* EXERCISE
Please give back the listing below word for word and drop any images.

* PROVIDED DATA
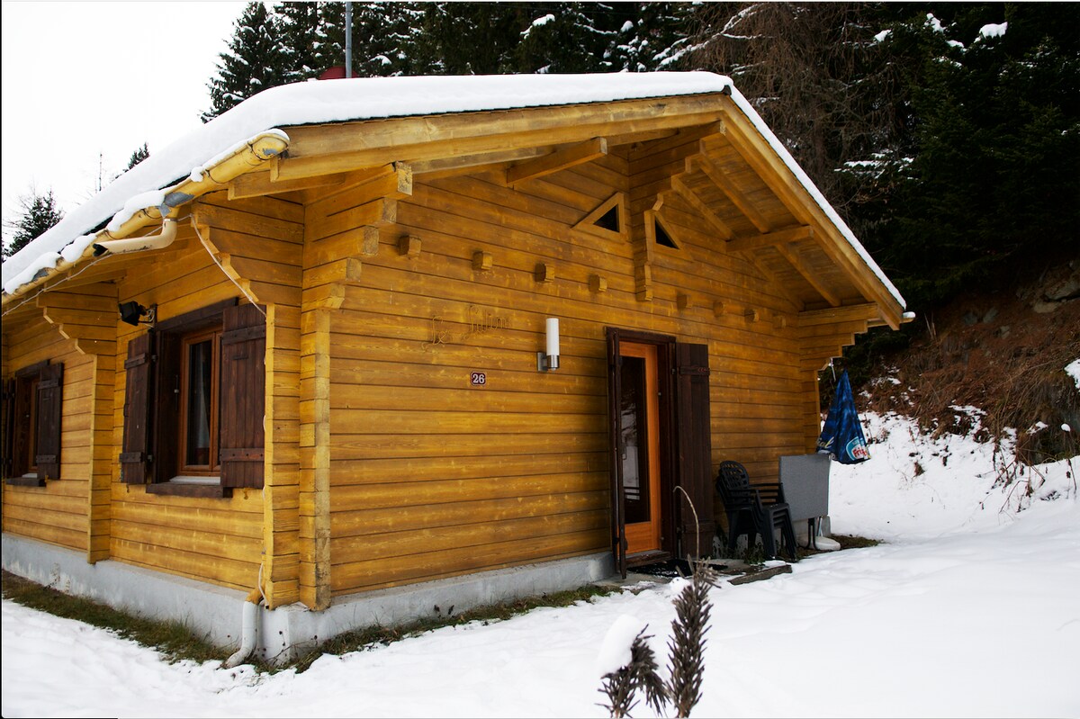 A very cosy little chalet (62m2) 2 pers at the top of the Lodge , very quiet location. In front line facing the mountains, sight entirely released with breathtaking views over the Swiss Alps and its sunsets. A little away from the turbulent and noisy ski resort but still reachable in one minute by car or 500m walk to the free ski bus. Free outdoor parking. We are all ski teachers and can provide ski lessons at attractive rates
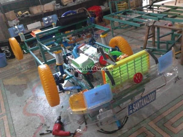 車架(底盤)、前橋與前懸架、鉗盤式制動器(前輪)、等速式萬向節(jié)、發(fā)電機(jī)、起動機(jī)、汽油泵、濾清器、發(fā)動機(jī)總成、變速箱、離合器、儀表盤、方向盤、油門、制動
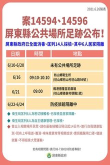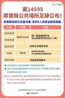 枋山群聚再增3例足跡公布 屏成立指揮所

* ANSWER AREA
 A very cosy little chalet (62m2) 2 pers at the top of the Lodge , very quiet location. In front line facing the mountains, sight entirely released with breathtaking views over the Swiss Alps and its sunsets. A little away from the turbulent and noisy ski resort but still reachable in one minute by car or 500m walk to the free ski bus. Free outdoor parking. We are all ski teachers and can provide ski lessons at attractive rates
 車架(底盤)、前橋與前懸架、鉗盤式制動器(前輪)、等速式萬向節(jié)、發(fā)電機(jī)、起動機(jī)、汽油泵、濾清器、發(fā)動機(jī)總成、變速箱、離合器、儀表盤、方向盤、油門、制動
 枋山群聚再增3例足跡公布 屏成立指揮所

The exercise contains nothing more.